In conclusion, ideas in books do matter. President John F. Kennedy during the October 1962 Cuban Missile Crisis drew lessons from The Guns of August. The main lesson he learned was that great powers slipped accidentally into the catastrophic First World War. This sobering lesson in part made him wary of tripping into an accidental war, but he still took risks, for example, by ordering a naval quarantine of Cuba. (He called this action “quarantine” because a blockade is an act of war.) During the quarantine, it was fortunate that a Soviet submarine commander refrained from launching nuclear weapons that were onboard his submarine. This is just one example of how close the United States and Soviet Union came to nuclear war.

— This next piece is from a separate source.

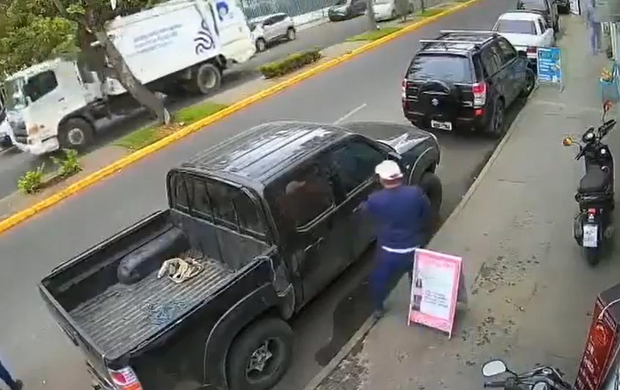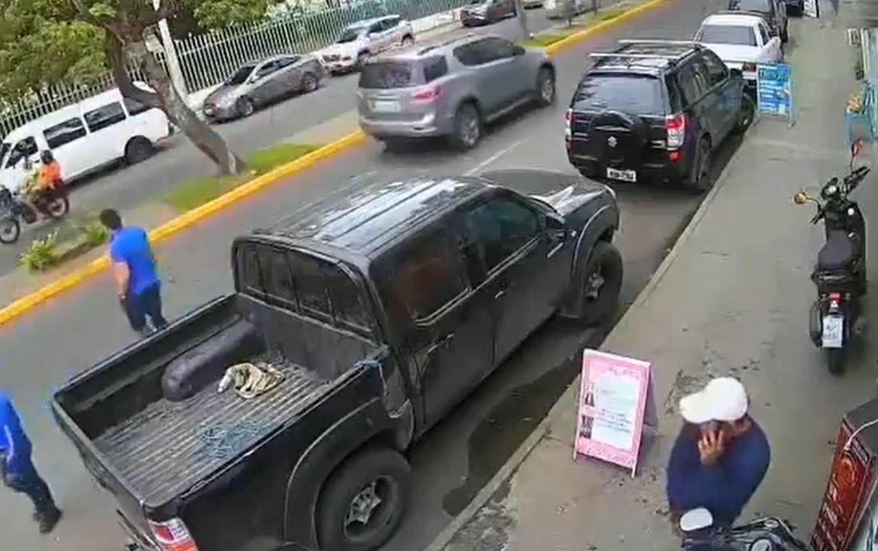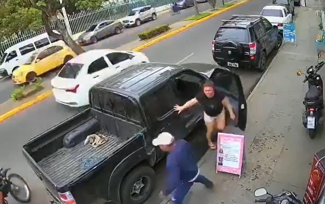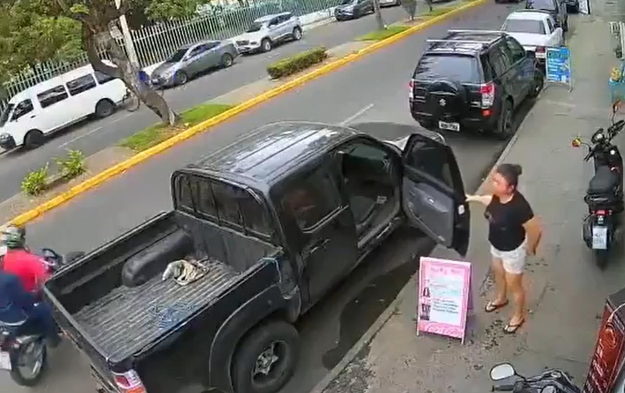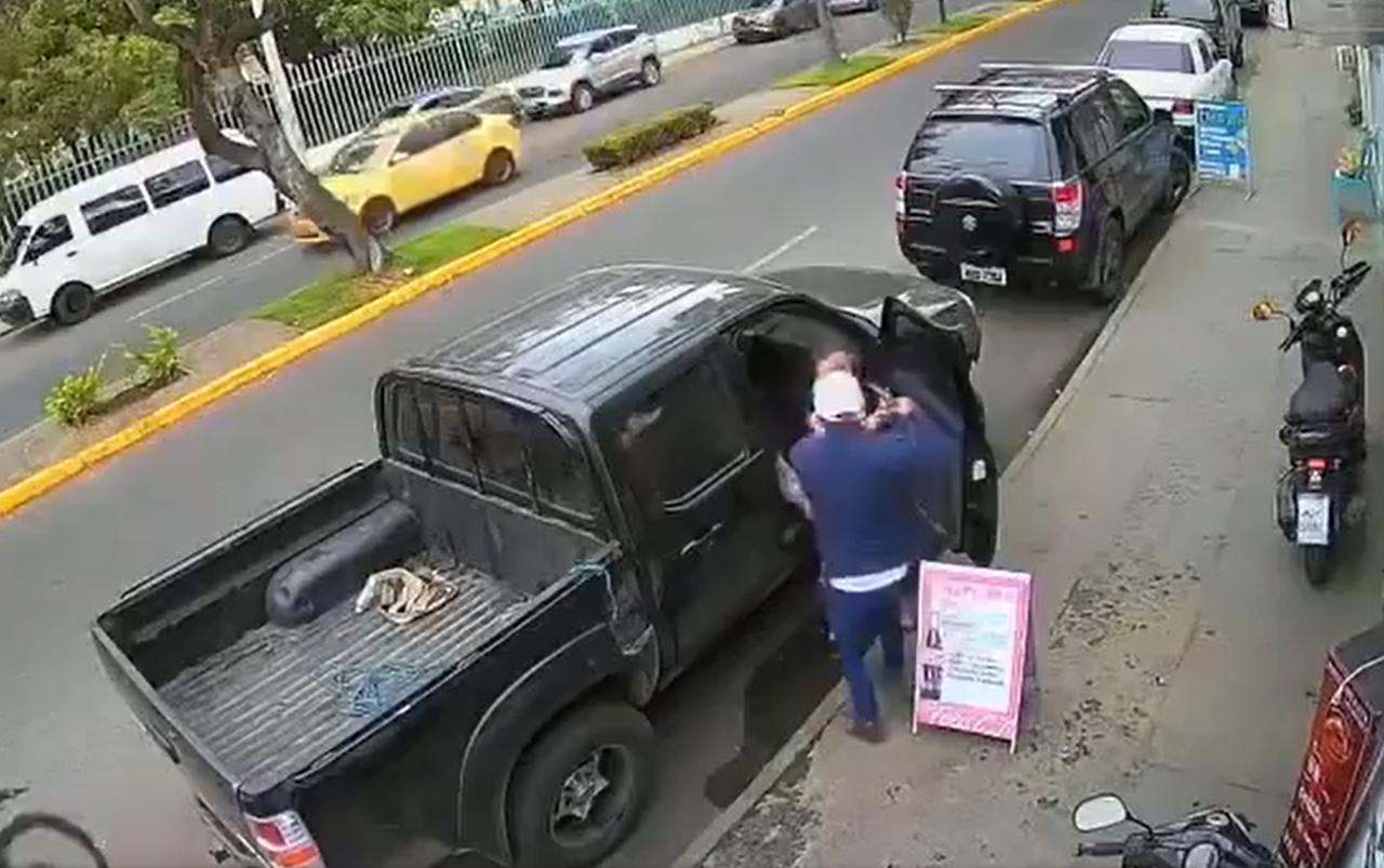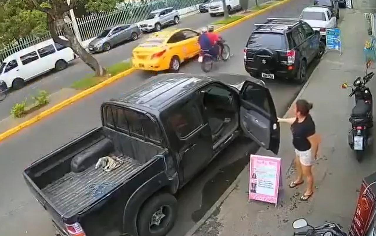厄瓜多尔的波托維耶霍市 一名男子假装打电话,趁机抢劫了一名坐在卡车里的女子。 这起事件被监控摄像头拍了下来。 在视频左下角的一辆摩托车已经准备好逃跑。

Let us remember that the crisis was largely about the United States’ refusal to accept the presence of Soviet nuclear weapons in Cuba that was within 100 miles of the continental United States. At that time, the United States had deployed nuclear-capable Jupiter missiles in Turkey, which bordered the Soviet Union. Both sides backed down from the nuclear brink, and both countries removed their forward deployed nuclear weapons from Cuba and Turkey. Thus, it is ironic that we seem to be headed back to the future when senior former U.S. officials argue for U.S. nuclear bombs based in Europe.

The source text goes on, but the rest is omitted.